You are in: eMedicine Specialties >
Emergency Medicine > INFECTIOUS DISEASES
Toxic Shock Syndrome
Article Last Updated: Dec 5, 2005
AUTHOR AND EDITOR INFORMATION
Section 1 of 10  
Author: Dane Salandy, MD†, Former Instructor, Department of Emergency Medicine, St Clare's Hospital
Dane Salandy is a member of the following medical societies: American College of Emergency Physicians
Coauthor(s):
Barry E Brenner, MD, PhD, FACEP, Program Director, Department of Emergency Medicine, University Hospitals, Case Medical Center
Editors: Theodore Gaeta, DO, MPH, Residency Director, Clinical Associate Professor of Emergency Medicine in Medicine, Department of Emergency Medicine, New York Methodist Hospital; Francisco Talavera, PharmD, PhD, Senior Pharmacy Editor, eMedicine; Mark L Plaster, MD, JD, Editor-in-Chief of Emergency Physicians' Monthly, Department of Emergency Medicine, Memorial Hermann Hospital System; John Halamka, MD, Chief Information Officer, CareGroup Healthcare System, Assistant Professor of Medicine, Department of Emergency Medicine, Beth Israel Deaconess Medical Center; Assistant Professor of Medicine, Harvard Medical School; Charles V Pollack, Jr, MD, MA, FACEP, Professor, Department of Emergency Medicine, University of Pennsylvania College of Medicine; Chairman, Department of Emergency Medicine, Pennsylvania Hospital
Author and Editor Disclosure
Synonyms and related keywords:
TSS, endotoxin, exotoxin, toxic shock syndrome toxin-1, TSST-1, Streptococcus pyogenes exotoxin A, SPEA, S pyogenes exotoxin B, SPEB, streptococcal TSS, staphylococcal TSS, streptococcal toxic shock syndrome, staphylococcal toxic shock syndrome
Background
Toxic shock syndrome (TSS) is an inflammatory response syndrome characterized by fever, rash, hypotension, constitutional symptoms, and multiorgan involvement. Todd first described it in 1978 in 7 children, aged 8-17 years, with Staphylococcus aureus infection. However, after an epidemic in 1981, TSS has been typically associated with tampon use in healthy menstruating women. The disease is now known to also exist in men, neonates, and nonmenstruating women. TSS has been linked to many bacterial infections, including pneumonia, osteomyelitis, sinusitis, and skin and gynecologic infections.
Pathophysiology
TSS is a toxin-mediated disease. Exotoxin toxic shock syndrome toxin-1 (TSST-1) is the major toxin produced by strains of S aureus that are responsible for causing TSS. Streptococcus pyogenes exotoxin A (SPEA) and S pyogenes exotoxin B (SPEB) are the major toxins produced by group A beta-hemolytic streptococci. The toxins activate production of superantigens, such as tumor necrosis factor, interleukin-1, M protein, and gamma-interferon. Almost every organ system can be involved, including the cardiovascular, renal, skin, mucosa, GI, musculoskeletal, hepatic, hematologic, and central nervous systems.
Frequency
United States
With staphylococcal TSS, the highest incidence occurred in 1980; rates ranged from 2.4-16 cases per 100,000 population. Since then, the rate of menstrual-related TSS has persistently declined, largely because of a decrease in the use of superabsorbent tampons and consumer education. With streptococcal TSS, the prevalence is not well known, but it is estimated to be 10-20 cases per 100,000 population. A similar decline has not been demonstrated in nonmenstrual cases of TSS. The proportion of postsurgical TSS cases has been increasing.
Mortality/Morbidity
Mortality varies with the bacteria involved.
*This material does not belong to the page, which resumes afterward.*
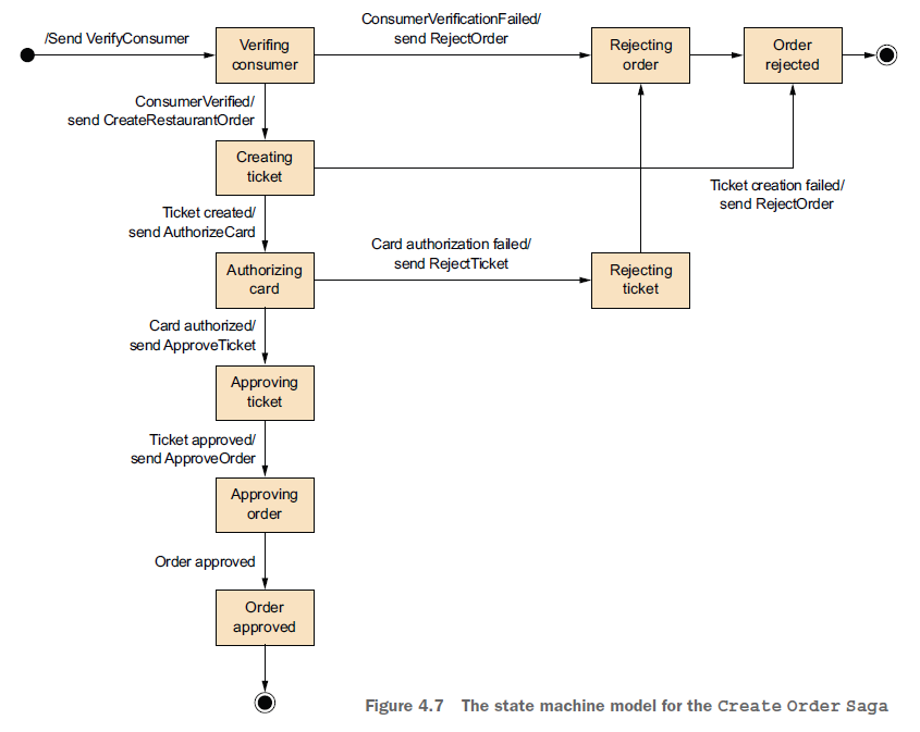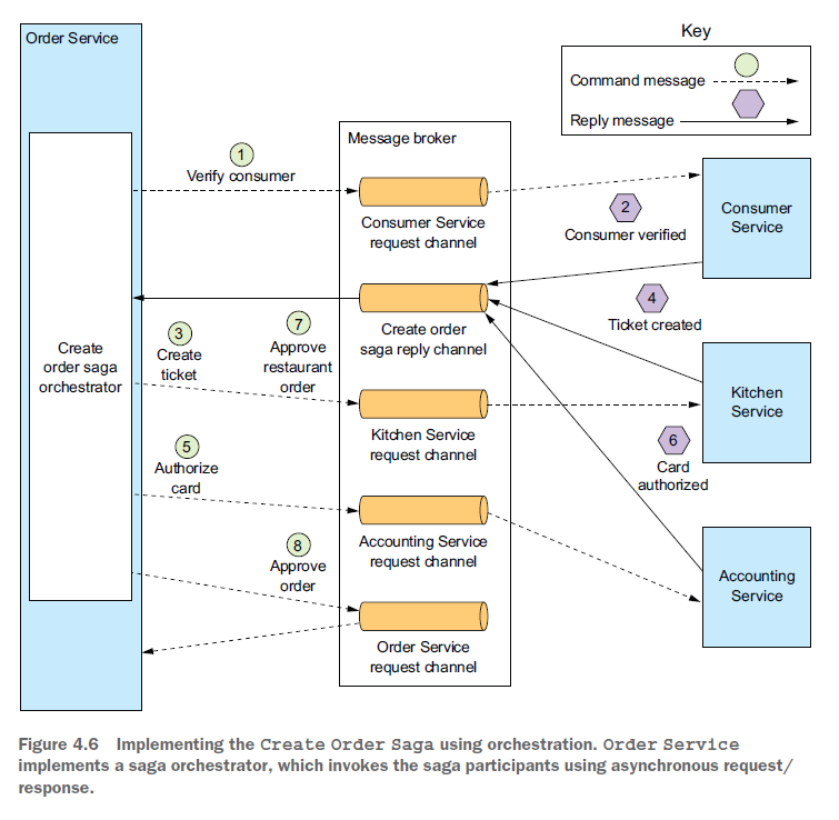 오케스트레이터인 Create order saga orchestrator 는 비동기 요청을 주고 받으며, 개별 서비스의 참여자를 호출 하고, 그 처리 결과에 따라 커맨드를 진행 한다.
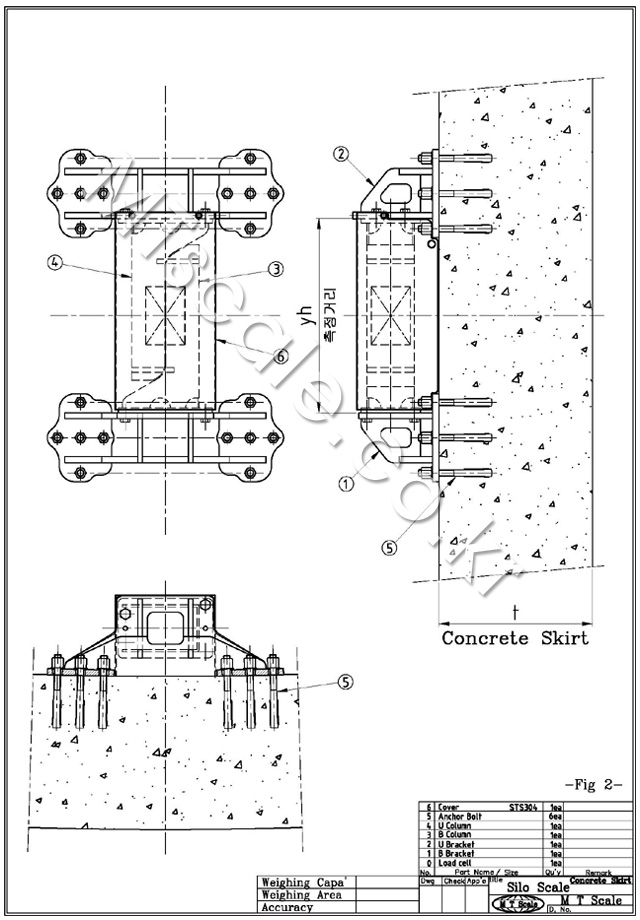 <Fig – 2 : Skirt type의 Concrete Skirt에 로드셀을 부착하는 Silo Scale도면>

- With staphylococcal TSS, the mortality rate is less than 3%.
-
- With streptococcal TSS, the mortality rate is 30-70%.
-
- Recurrences have been reported in 30-40% of cases.
Race
No race predilection exists in TSS.
Sex
- With staphylococcal TSS, the incidence is higher in women than in men.
-
- With streptococcal TSS, either sex can be affected.
Age
TSS predominantly occurs in young, healthy individuals.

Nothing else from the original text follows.